Task requirements: Below are lines of data, and only some are wanted. Please repeat exactly those from the line that has "Logitech Wireless Combo" through the line that has "Tucked into Asheville’s".

[Opening Given records section]

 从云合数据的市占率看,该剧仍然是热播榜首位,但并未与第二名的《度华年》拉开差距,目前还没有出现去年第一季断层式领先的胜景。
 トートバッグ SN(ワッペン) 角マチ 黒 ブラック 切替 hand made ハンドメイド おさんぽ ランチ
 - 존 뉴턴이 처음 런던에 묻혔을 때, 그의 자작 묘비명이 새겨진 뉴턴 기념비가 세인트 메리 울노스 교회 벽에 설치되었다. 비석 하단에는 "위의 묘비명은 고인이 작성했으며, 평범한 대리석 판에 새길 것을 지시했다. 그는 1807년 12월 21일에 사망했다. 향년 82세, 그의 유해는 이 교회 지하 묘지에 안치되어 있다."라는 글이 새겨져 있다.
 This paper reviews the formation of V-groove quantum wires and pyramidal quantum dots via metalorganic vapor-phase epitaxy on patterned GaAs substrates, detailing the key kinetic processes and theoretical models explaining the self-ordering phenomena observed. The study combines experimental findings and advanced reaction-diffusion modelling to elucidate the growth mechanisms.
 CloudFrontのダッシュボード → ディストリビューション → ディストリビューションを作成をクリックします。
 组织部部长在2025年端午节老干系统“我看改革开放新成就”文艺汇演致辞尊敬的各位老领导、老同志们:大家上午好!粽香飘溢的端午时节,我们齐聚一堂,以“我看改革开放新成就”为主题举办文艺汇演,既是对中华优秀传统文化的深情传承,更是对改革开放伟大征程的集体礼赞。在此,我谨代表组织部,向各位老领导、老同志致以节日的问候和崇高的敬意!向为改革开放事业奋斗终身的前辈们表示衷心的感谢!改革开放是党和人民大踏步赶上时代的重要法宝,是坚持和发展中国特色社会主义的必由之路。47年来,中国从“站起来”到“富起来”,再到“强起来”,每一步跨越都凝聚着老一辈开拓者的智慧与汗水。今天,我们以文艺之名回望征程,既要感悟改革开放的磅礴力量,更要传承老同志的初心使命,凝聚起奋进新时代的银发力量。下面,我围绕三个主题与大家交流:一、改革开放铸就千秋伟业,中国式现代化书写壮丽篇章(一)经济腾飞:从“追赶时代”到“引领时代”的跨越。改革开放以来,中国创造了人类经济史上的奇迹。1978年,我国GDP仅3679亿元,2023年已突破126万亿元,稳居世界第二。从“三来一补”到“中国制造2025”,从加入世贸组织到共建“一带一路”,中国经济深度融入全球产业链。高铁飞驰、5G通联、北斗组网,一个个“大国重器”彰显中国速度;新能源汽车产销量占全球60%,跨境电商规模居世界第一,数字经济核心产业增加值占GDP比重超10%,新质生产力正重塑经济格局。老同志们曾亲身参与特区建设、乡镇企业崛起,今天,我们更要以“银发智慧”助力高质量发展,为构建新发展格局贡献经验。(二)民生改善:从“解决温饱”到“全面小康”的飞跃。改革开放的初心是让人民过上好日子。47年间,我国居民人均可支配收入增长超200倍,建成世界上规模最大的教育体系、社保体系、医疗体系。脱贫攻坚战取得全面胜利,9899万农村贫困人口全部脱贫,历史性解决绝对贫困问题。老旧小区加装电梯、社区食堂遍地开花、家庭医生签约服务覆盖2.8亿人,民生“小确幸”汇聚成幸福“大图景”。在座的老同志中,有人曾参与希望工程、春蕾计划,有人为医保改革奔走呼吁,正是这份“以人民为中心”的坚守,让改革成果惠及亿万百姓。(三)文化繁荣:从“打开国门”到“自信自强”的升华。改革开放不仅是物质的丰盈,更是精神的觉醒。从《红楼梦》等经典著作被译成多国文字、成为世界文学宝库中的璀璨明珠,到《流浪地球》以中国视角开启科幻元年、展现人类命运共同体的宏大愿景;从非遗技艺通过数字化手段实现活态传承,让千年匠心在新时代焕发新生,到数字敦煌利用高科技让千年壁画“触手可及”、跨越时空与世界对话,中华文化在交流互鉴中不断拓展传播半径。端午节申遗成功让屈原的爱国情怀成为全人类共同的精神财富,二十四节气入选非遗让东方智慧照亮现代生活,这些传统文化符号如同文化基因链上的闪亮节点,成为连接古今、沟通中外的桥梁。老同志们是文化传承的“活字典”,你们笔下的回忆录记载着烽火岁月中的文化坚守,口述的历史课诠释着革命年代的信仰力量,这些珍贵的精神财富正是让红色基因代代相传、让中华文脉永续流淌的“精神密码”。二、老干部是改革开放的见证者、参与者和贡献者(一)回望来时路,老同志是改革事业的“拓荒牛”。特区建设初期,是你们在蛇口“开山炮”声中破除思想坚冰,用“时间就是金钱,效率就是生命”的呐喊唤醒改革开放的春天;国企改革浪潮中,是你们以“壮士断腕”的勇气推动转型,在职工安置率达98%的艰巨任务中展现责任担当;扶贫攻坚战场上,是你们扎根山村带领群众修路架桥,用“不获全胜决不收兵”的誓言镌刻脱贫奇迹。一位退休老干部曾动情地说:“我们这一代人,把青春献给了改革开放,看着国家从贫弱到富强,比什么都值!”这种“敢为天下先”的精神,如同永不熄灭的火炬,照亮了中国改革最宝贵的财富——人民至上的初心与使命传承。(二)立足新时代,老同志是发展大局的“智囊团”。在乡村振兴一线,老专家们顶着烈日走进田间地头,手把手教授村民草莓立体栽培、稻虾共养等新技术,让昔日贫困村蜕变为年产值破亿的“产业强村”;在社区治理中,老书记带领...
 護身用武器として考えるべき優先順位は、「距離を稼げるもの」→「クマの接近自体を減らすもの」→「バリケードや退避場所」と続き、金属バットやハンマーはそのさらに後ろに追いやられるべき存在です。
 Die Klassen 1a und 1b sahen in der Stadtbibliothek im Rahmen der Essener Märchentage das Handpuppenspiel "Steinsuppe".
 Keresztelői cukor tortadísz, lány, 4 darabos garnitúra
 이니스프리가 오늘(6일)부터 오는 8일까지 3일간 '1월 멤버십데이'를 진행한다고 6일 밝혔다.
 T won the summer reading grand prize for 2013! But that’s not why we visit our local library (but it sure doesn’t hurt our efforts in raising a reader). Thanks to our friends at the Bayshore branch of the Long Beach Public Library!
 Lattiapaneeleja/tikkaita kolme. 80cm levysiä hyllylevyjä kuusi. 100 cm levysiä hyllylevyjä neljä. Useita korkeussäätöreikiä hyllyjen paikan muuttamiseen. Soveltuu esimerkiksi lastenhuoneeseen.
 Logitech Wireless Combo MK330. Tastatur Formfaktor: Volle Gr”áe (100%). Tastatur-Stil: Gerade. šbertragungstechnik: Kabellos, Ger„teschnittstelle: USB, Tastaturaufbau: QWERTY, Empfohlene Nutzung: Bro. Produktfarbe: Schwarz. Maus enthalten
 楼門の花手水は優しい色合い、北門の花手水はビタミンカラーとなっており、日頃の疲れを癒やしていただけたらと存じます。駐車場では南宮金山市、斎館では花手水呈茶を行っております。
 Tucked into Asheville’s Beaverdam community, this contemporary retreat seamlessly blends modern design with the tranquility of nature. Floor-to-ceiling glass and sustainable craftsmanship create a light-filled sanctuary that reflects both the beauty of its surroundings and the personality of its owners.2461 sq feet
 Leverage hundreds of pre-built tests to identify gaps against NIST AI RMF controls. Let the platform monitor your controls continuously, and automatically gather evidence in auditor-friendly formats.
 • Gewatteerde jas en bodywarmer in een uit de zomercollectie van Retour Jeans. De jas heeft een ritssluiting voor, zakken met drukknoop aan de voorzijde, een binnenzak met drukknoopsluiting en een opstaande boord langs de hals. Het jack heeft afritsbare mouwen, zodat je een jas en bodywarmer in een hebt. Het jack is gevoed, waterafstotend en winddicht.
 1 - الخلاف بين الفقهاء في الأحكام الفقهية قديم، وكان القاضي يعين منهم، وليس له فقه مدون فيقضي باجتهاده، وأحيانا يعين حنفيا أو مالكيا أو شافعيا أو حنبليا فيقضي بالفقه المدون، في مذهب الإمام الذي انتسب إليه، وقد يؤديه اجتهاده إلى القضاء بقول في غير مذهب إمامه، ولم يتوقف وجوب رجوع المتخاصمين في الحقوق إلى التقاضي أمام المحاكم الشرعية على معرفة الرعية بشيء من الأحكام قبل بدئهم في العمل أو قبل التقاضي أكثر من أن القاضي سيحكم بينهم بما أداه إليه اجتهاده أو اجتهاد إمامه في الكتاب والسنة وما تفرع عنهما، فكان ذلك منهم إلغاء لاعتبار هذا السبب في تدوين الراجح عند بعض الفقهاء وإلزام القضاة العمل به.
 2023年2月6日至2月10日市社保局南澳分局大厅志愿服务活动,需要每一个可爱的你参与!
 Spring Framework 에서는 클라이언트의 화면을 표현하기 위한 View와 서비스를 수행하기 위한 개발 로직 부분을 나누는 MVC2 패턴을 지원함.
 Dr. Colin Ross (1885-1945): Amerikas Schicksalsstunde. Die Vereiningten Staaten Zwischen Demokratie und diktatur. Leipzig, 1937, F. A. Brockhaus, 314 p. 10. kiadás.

[Closing Given records section]

Output:
 Logitech Wireless Combo MK330. Tastatur Formfaktor: Volle Gr”áe (100%). Tastatur-Stil: Gerade. šbertragungstechnik: Kabellos, Ger„teschnittstelle: USB, Tastaturaufbau: QWERTY, Empfohlene Nutzung: Bro. Produktfarbe: Schwarz. Maus enthalten
 楼門の花手水は優しい色合い、北門の花手水はビタミンカラーとなっており、日頃の疲れを癒やしていただけたらと存じます。駐車場では南宮金山市、斎館では花手水呈茶を行っております。
 Tucked into Asheville’s Beaverdam community, this contemporary retreat seamlessly blends modern design with the tranquility of nature. Floor-to-ceiling glass and sustainable craftsmanship create a light-filled sanctuary that reflects both the beauty of its surroundings and the personality of its owners.2461 sq feet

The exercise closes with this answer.